EXERCISE OBJECTIVE:
Your task is to return exactly the lines that run from the one containing "지난 12일 건화물선" through the end of the listing below, without any pictures.
**********
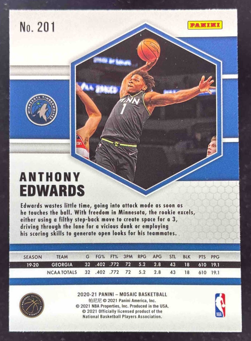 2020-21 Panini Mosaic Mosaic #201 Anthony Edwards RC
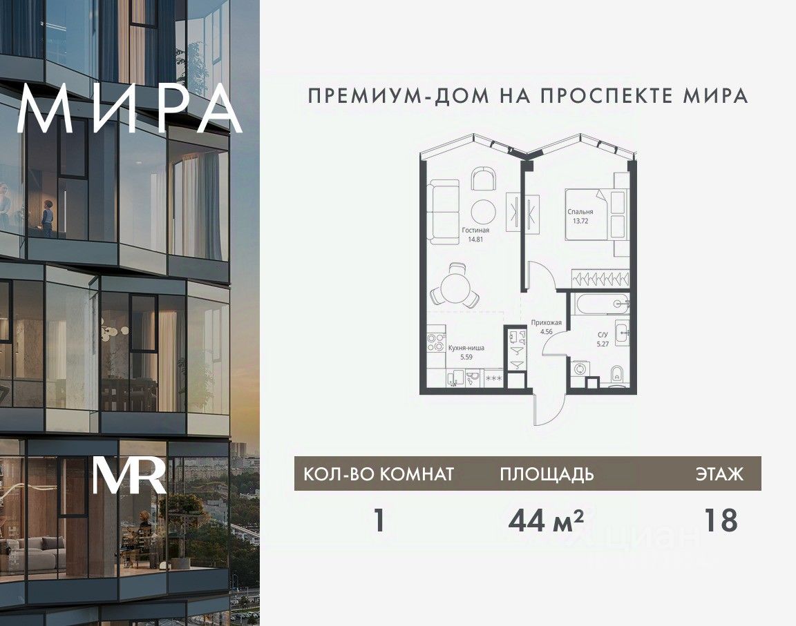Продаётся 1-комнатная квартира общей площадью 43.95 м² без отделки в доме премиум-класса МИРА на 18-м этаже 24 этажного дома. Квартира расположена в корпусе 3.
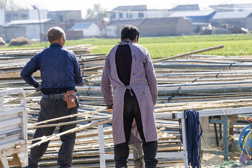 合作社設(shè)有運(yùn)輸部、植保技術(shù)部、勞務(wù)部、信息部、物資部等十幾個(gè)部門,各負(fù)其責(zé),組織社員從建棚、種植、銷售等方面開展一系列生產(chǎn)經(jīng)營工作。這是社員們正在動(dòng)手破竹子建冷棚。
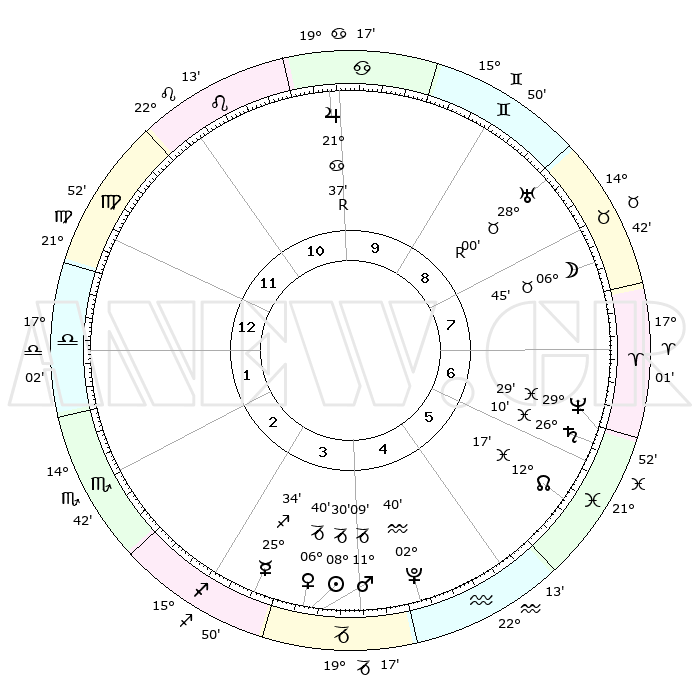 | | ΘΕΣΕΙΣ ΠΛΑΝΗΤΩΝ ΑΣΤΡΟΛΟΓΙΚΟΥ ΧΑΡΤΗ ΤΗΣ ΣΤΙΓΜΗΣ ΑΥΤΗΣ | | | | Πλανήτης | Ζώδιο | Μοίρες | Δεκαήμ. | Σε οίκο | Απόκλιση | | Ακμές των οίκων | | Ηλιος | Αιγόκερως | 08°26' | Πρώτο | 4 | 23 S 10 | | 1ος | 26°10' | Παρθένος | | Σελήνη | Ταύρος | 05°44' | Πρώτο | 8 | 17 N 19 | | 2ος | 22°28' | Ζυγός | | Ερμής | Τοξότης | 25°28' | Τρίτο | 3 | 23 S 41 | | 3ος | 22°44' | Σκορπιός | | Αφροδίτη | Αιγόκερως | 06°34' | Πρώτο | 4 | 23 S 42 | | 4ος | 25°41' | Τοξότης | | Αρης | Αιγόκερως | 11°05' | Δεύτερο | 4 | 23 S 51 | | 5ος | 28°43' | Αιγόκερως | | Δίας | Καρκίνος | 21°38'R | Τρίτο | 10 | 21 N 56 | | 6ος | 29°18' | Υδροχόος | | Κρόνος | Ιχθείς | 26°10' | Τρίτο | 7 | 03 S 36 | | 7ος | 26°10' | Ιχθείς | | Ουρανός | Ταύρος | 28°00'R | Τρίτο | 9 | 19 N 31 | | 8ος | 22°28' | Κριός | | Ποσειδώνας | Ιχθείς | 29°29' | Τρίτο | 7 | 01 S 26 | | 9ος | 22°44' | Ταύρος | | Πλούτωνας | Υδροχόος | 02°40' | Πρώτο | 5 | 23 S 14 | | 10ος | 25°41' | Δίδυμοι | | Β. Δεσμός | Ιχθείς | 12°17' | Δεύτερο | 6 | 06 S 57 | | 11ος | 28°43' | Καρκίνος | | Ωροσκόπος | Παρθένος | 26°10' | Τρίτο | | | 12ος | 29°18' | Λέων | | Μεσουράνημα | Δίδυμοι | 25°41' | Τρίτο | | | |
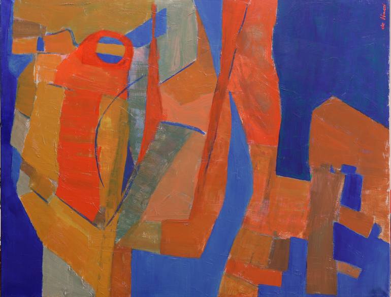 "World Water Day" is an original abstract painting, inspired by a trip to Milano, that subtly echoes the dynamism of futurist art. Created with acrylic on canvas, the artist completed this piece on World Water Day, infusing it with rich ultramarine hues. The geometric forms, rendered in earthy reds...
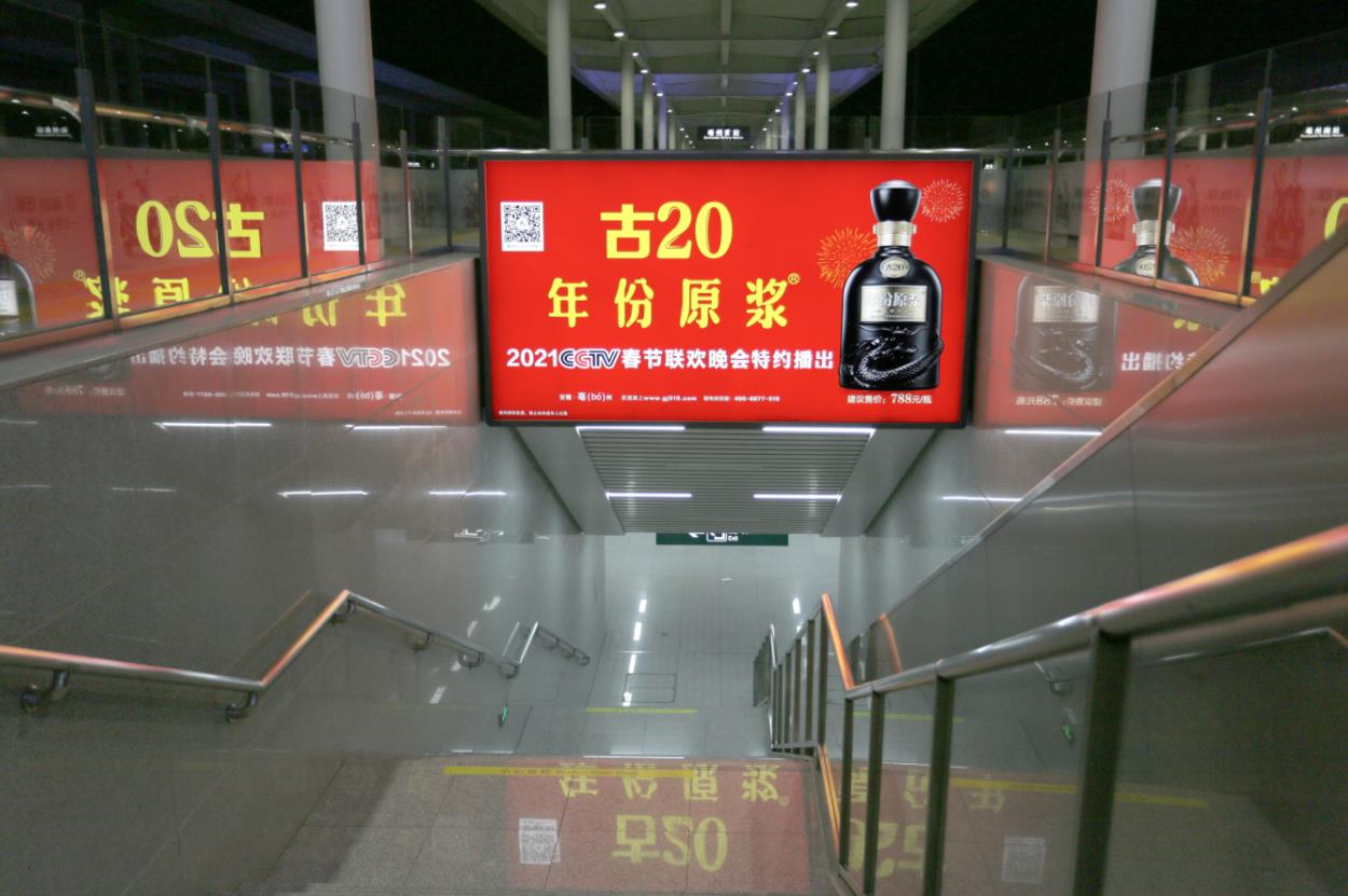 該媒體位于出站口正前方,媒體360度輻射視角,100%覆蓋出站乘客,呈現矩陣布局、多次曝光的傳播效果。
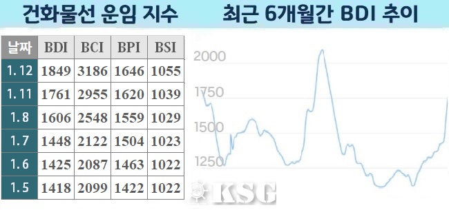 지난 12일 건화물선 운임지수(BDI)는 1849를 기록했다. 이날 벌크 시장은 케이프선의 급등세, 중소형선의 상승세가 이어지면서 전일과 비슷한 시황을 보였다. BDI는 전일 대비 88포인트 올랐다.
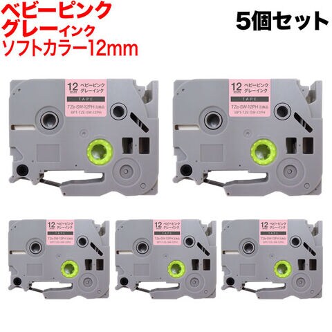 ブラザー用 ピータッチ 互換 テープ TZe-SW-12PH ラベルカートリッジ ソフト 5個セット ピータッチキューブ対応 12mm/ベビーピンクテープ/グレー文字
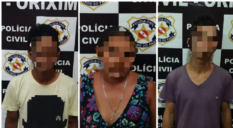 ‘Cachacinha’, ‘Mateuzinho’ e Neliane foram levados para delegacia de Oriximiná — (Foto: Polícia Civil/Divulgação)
**********
TASK OUTPUT:
 지난 12일 건화물선 운임지수(BDI)는 1849를 기록했다. 이날 벌크 시장은 케이프선의 급등세, 중소형선의 상승세가 이어지면서 전일과 비슷한 시황을 보였다. BDI는 전일 대비 88포인트 올랐다.
 ブラザー用 ピータッチ 互換 テープ TZe-SW-12PH ラベルカートリッジ ソフト 5個セット ピータッチキューブ対応 12mm/ベビーピンクテープ/グレー文字
 ‘Cachacinha’, ‘Mateuzinho’ e Neliane foram levados para delegacia de Oriximiná — (Foto: Polícia Civil/Divulgação)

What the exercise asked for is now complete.